* _Supplied information_
- Opening Delimiter -

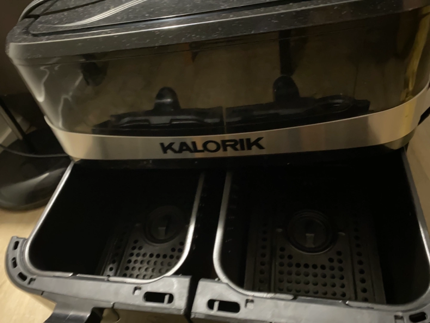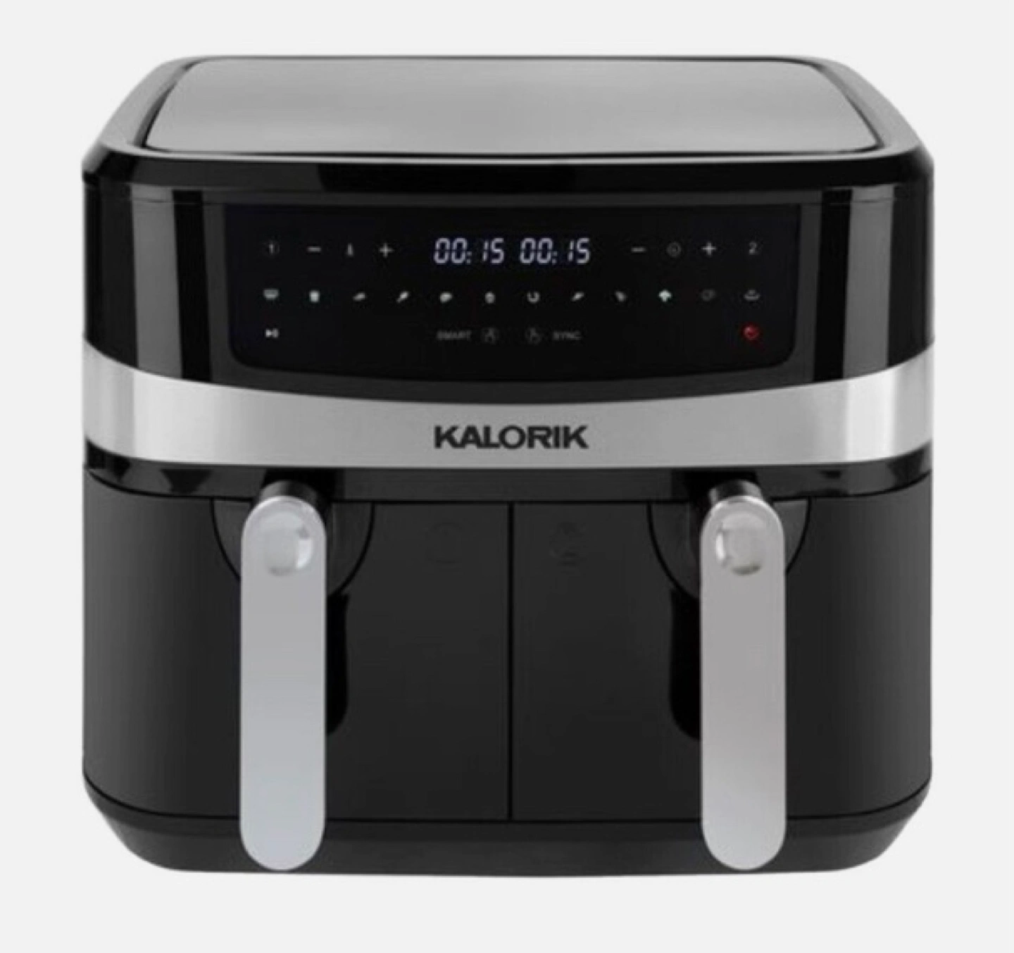 Double basket air fryer. Black with silver accents. Two 5QT each baskets, multiple preset settings
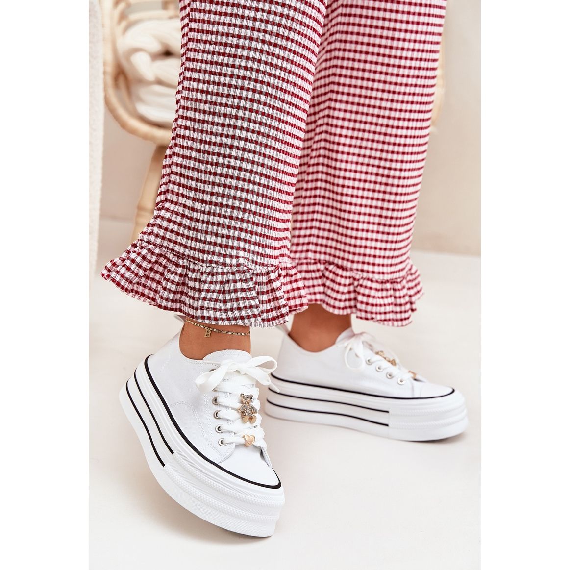 Turnschuhe haben eine runde Nase und einen Spitzenverschluss, mit dem Sie perfekt zum Fuß passen. Dank ihrer universellen weißen Farben mischen sie sich gut in verschiedene Outfits - von losen Hosen über Jeans bis hin zu luftigen Kleidern. Die Höhe der oberen 6,5 cm macht die Turnschuhe bequem und stabil.
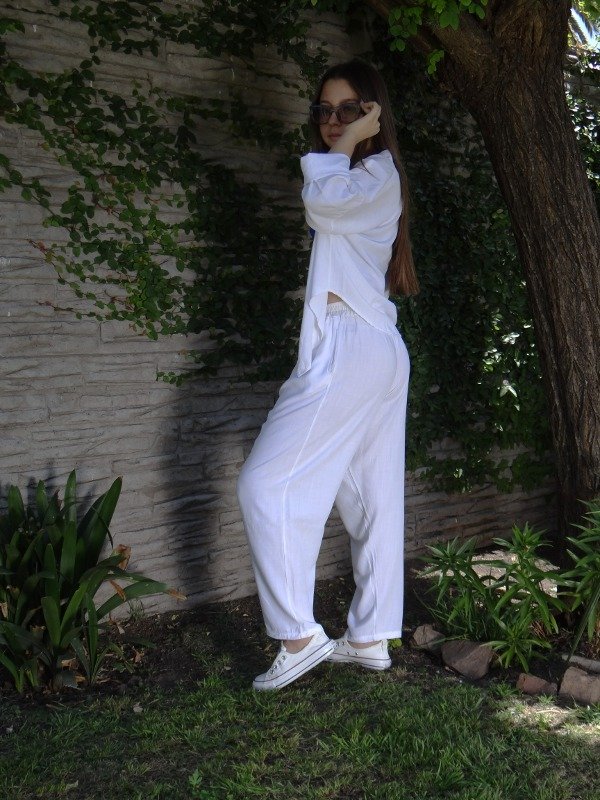 Pantalón estilo italiano de lino tiro medio alto con cintura elastizada y cordón no regulable, bolsillos en los laterales. Ideal para climas cálidos tales como primavera y verano.
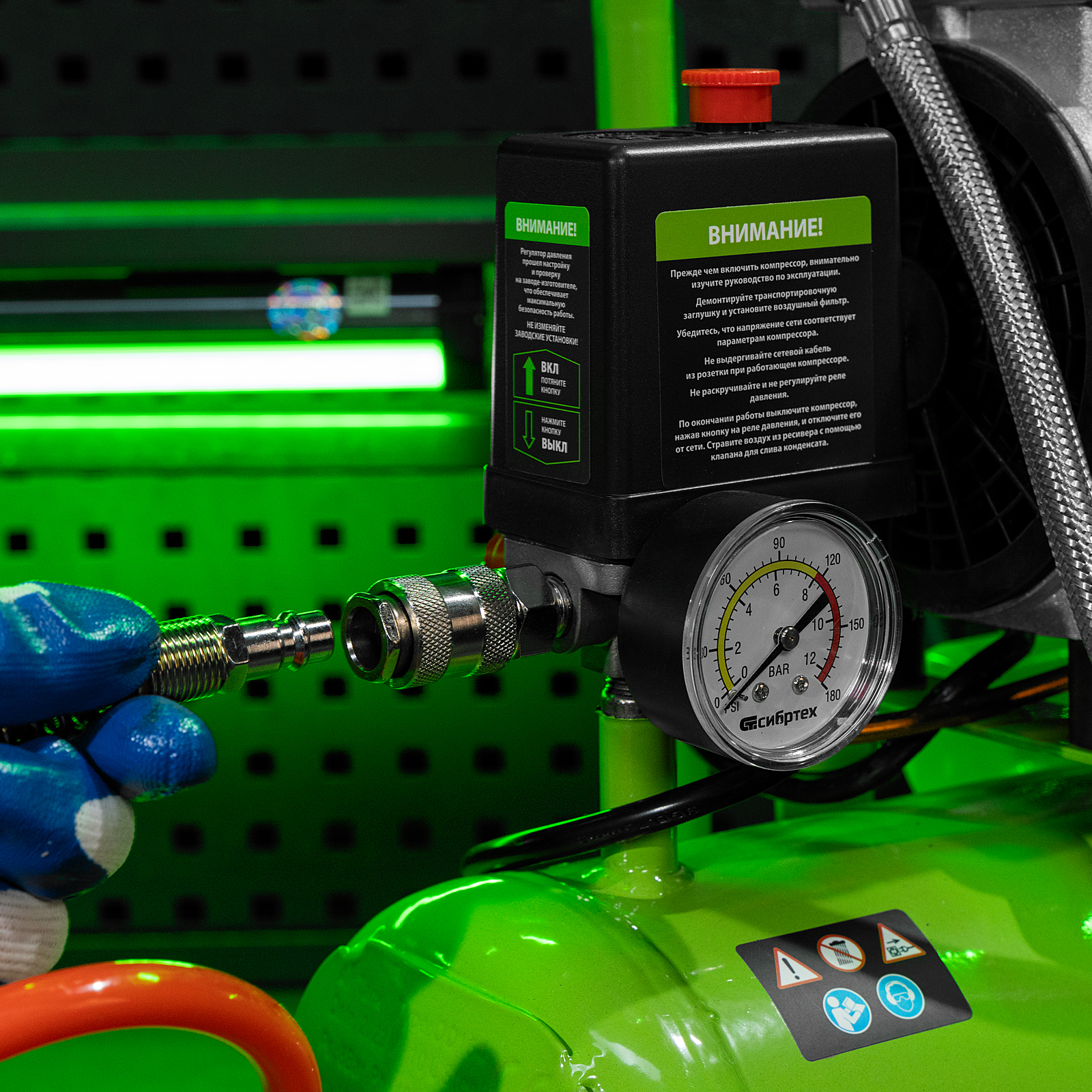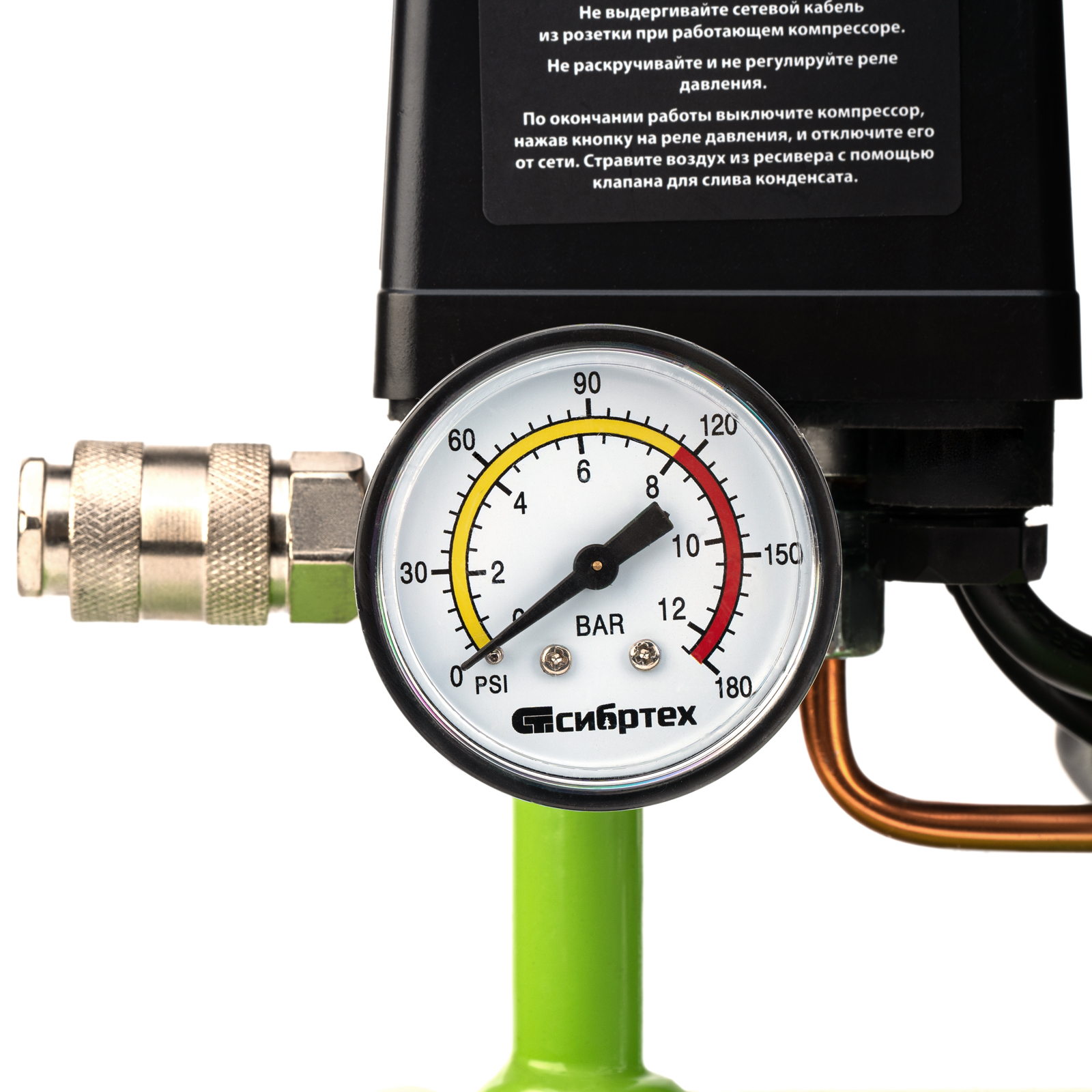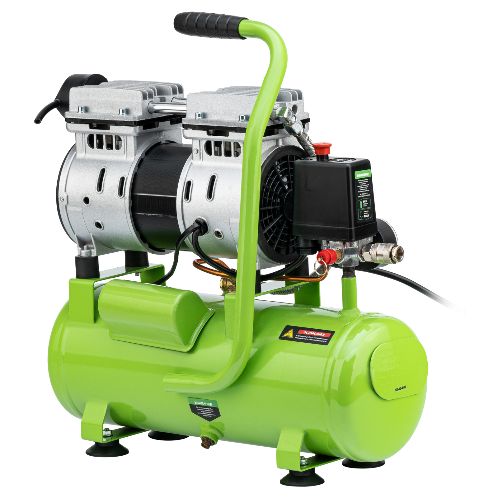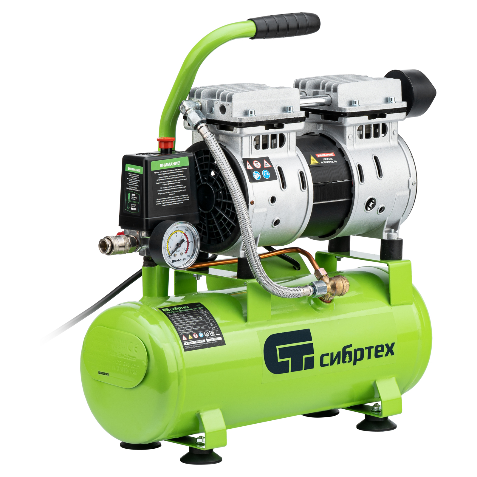 - Контроль рабочих параметров — компрессор оборудован механическим манометром для отслеживания давления.

- Closing Delimiter -

* _Problem to solve_
Take the line with "Pantalón estilo italiano" and each line after it through the end of the material above, and reproduce them exactly, without the pictures.

* _Output_
 Pantalón estilo italiano de lino tiro medio alto con cintura elastizada y cordón no regulable, bolsillos en los laterales. Ideal para climas cálidos tales como primavera y verano.
 - Контроль рабочих параметров — компрессор оборудован механическим манометром для отслеживания давления.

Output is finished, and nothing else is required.